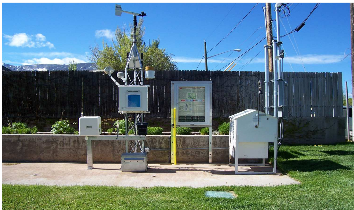
Fig. 4. A typical CEMP environmental monitoring station, with a full suite of meteorological sensors, radiation detection equipment, air sampler, and interpretive display with real-time sensor readouts.

The public participants in this program are not strictly volunteers, but receive a small monthly stipend for their duties as employees of DRI. The decision to hire them as employees was made in part to stress the importance of their sample collection duties, but also to offer them protection for any injuries that might occur during the discharge of their duties. The amount they are paid (approximately $150 US per month) is small, so as not to create the public perception that they are "in the pocket" of the DOE sponsors, and simply being given messages to parrot to their communities. On the contrary, CEMs are provided with regular training on the basics of ionizing radiation, and become knowledgeable on subjects ranging from radiation detection to local environmental conditions. Through attendance at these training workshops, the CEMs also become effective liaisons between local and federal entities, helping to identify concerns of people in their communities.
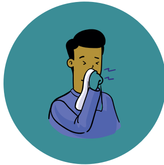
Rufe bakinka da hanci da tchale na zamani. A jefar da shi
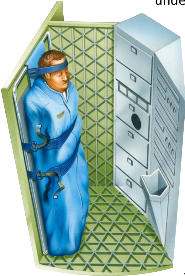
An astronaut asleep standing up.

Scientists carry out experiments there and NASA uses it to understand more about living and working in space. It is also used to test equipment that is needed for missions to The Moon and Mars.
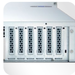
Changeable low profile rear window
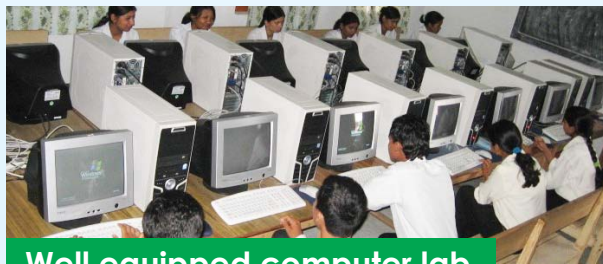
Well equipped computer lab.
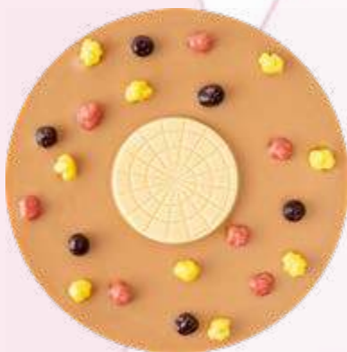
RAINBOW Art. No. 24177 Milk Choco + White Choco + Crunchy Fruit

Sweet & colourful, just like life itself: one disc made of milk chocolate and a smaller one made of sweet white chocolate. Decorated brightly all over with crunchy, chocolatey fruit: crispy strawberries in a pink strawberry couverture, passion fruit in a sunny, yellow passion fruit couverture and blueberries in a purple blueberry couverture, all of their stunning colours derived entirely naturally from berries and other fruit.
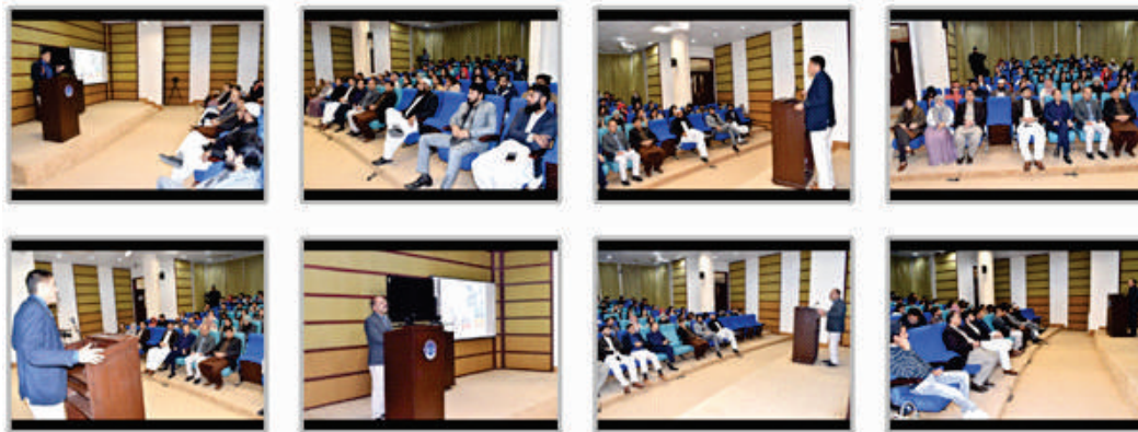
Jinnah: The Modifier of World Map and History, the Creator of Islamic State
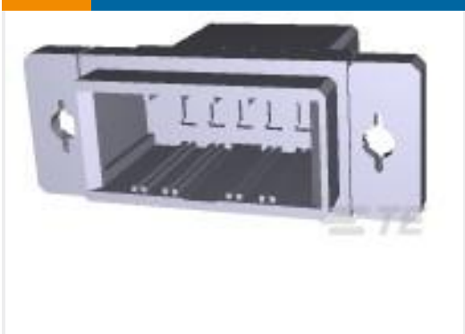
TE Part #178803-5 DYNAMIC D3100D TAB HSG PM 10P
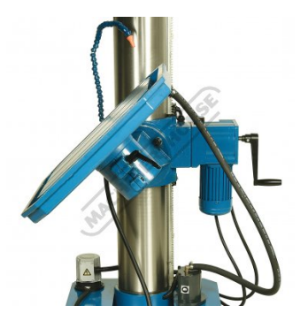
Table Tilts 90 Degrees Left or Right - shown at 45 degrees
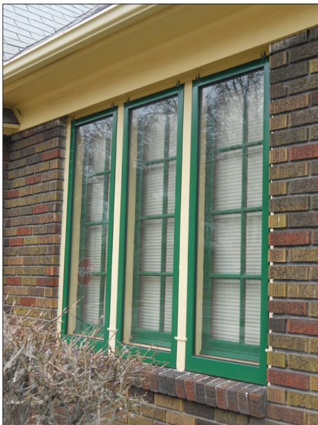
Historic wood windows, enhanced with a traditional design of external storm window, will generally outlast and outperform a replacement window.

Understanding how these characteristics and dynamics are designed to work will ensure that energy efficiency enhancement strategies are designed to be complementary, capitalizing on these advantages, while accentuating their attributes and efficiency.
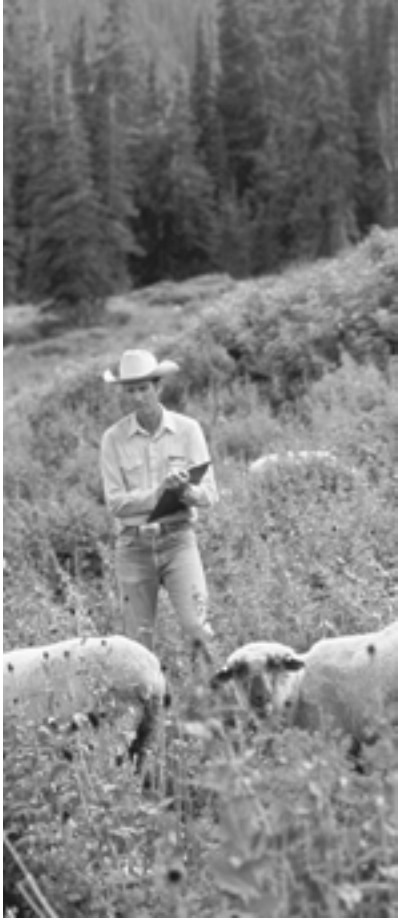
USDA Agricultural Research Service

Stop weeds from getting a foothold with the following practices:
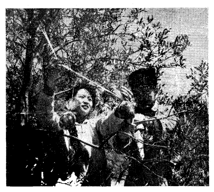
Workers of Hupeh Provincial Forestry Scientific Research Institute are nursing oil olive trees.

Albania's olive tree is a high-quality and high-yielding ligneous oil-bearing plant. One big tree can produce more than 100 kilogrammes of olives and generally 30 jin of olive oil can be pressed out of 100 jin of olives. Olive oil is not only a highly nutritious edible oil but is also widely used in medicine and in the chemical and national defence industries.
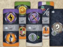
5 STARTING ACTION TILES FOR EXPERIMENT E

§ WHAT THIS TASK INVOLVES:
Give the number of lines in the entries that hold the string "olive", and add nothing else.

§ TASK RESULT:
2